Since the previous reviews have already established an able outline of the work's content I will only say that Crankshaw's masterpiece is a magnificent work of history and cuts to the heart of Russia under the Tsars, the Politburo and today's government. As always, Crankshaw's prose is lucid, elegant and highly readable.

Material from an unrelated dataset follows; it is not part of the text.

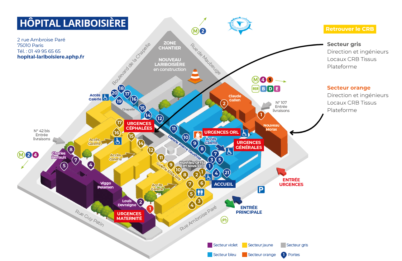 Créé en août 2009 en collaboration avec Université Paris Cité, site Diderot – Paris 7, le CRB (Centre de Ressources Biologiques) Lariboisière/Saint Louis, est une structure dédiée à la collecte, la conservation et la mise à disposition d’échantillons biologiques humains pour la recherche biomédicale (fluides biologiques et tissus). Le CRB est une structure médicale intégrée dans le DMU (Département Médico-Universitaire) BioGeM (Biologie et Génomique médicales) des hôpitaux du GHU AP-HP. Nord – Université Paris Cité.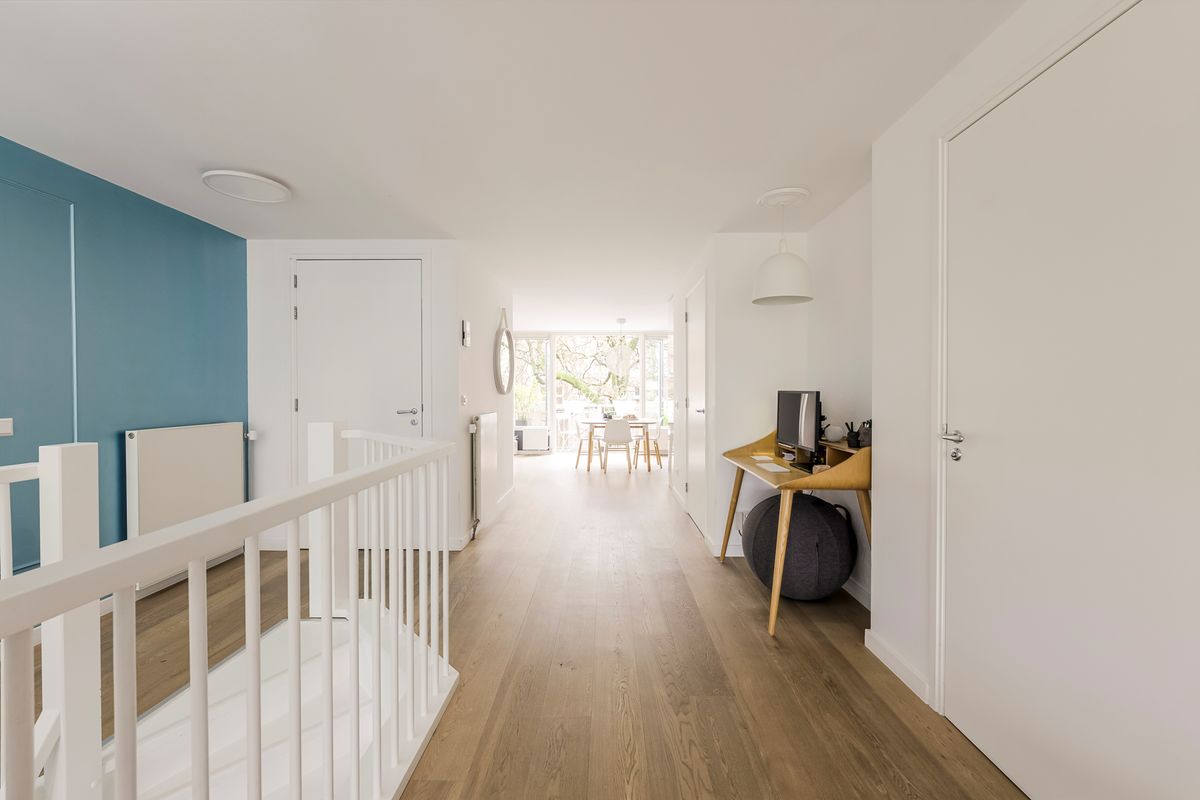 Via de keurig afgesloten centrale hal brengt de lift je naar de vierde verdieping. Ook kun je met de trap de woning bereiken. Vanuit de lift stap je zo de woonkamer in.

The last century of Autocracy in Russia

This book is a wonderful exposition of the reigns of the last tsars of Russia as well as the evolution of Russian society during that period, from a social and political view: Nicholas I, the oppressive ruler guided by a divine concept of sovereignty, smasher of the Decembrist rebellion and creator of the Third Section of Imperial Chancellery, the primitive political police; Alexander II, the reformist, the tsar who by an ukase in 1861 abolished servitude in Russia, and who, curiously, created the Okhrana, the security police on the basis of the Third Section and established it in the Ministry of Internal Affairs. In 1881 the tsar was assassinated as the result of a terrorist plot, and the Okhrana could do nothing to prevent it; Alexander III, as hard and terrible as Nicholas I, gave almost illimitate powers to the police and to the Governor Generals of provinces and regions. Russia was driving to the abyss as the differences between upper and lower classes were increasing dangerously in a country ruled by an absolute despotism, almost feudal; Nicholas II, weak and short-sighted, followed by inertia the politics of his predecessor. From 1905 the regime was falling apart and disintegrating: the Russian-Japanese War of 1904-1905, the Bloody Sunday of 1905, the breaking out of the I World War in 1914, all these events mainly accelerated the dethroning and later execution of the last emperor of the Romanov dinasty, His Sacred Majesty the Tsar of All Russias.